• _WHAT YOU HAVE TO DO_:
Although the data below holds other lines too, output only those from the line with "Museum of Flight" up to and including the line with "The Music Works", exactly as they appear.

• _SOURCE INFORMATION_:
::::::::::

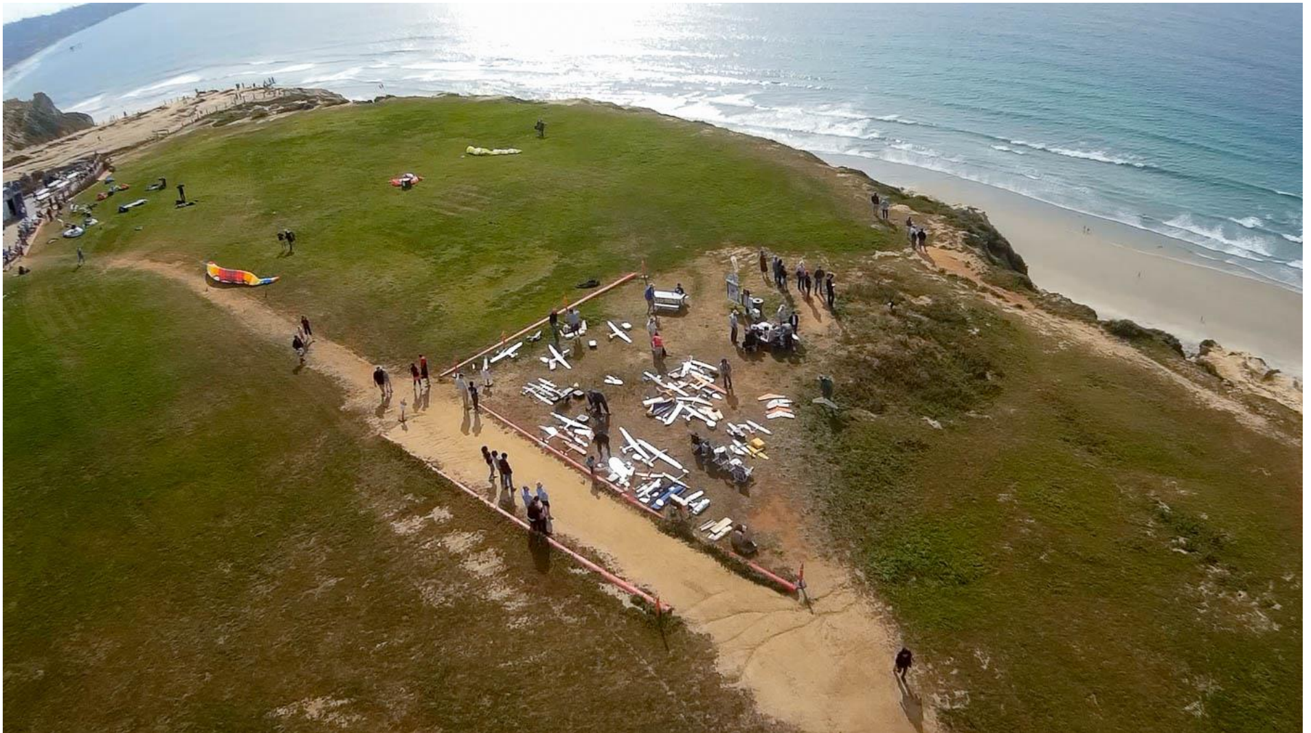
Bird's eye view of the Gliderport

::::::::::

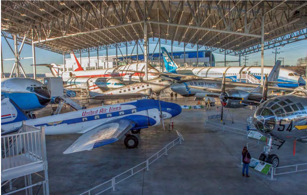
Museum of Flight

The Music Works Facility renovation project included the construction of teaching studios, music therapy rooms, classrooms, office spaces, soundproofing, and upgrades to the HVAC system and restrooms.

::::::::::

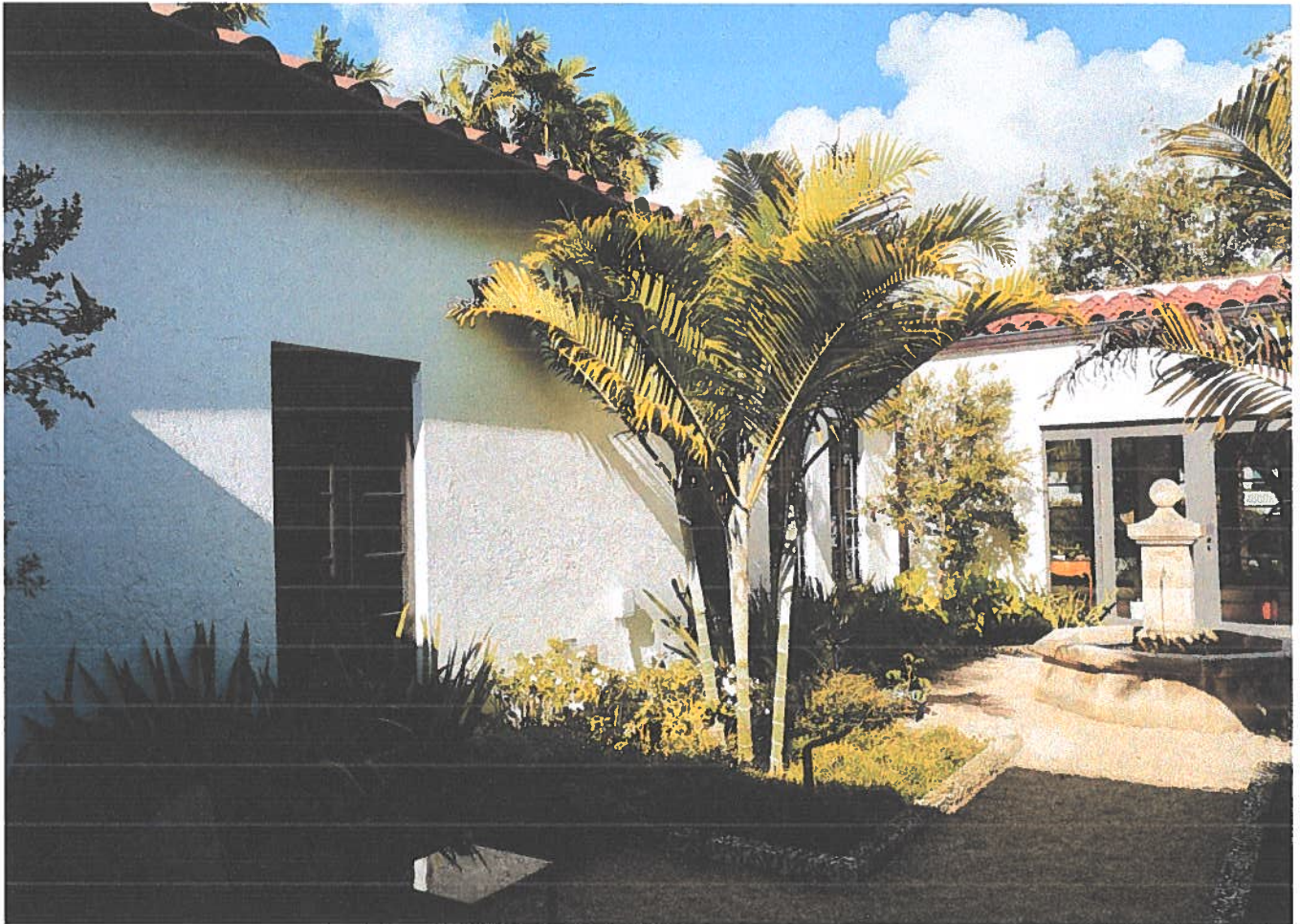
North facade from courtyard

::::::::::

• _RESULT BELOW_:
Museum of Flight

The Music Works Facility renovation project included the construction of teaching studios, music therapy rooms, classrooms, office spaces, soundproofing, and upgrades to the HVAC system and restrooms.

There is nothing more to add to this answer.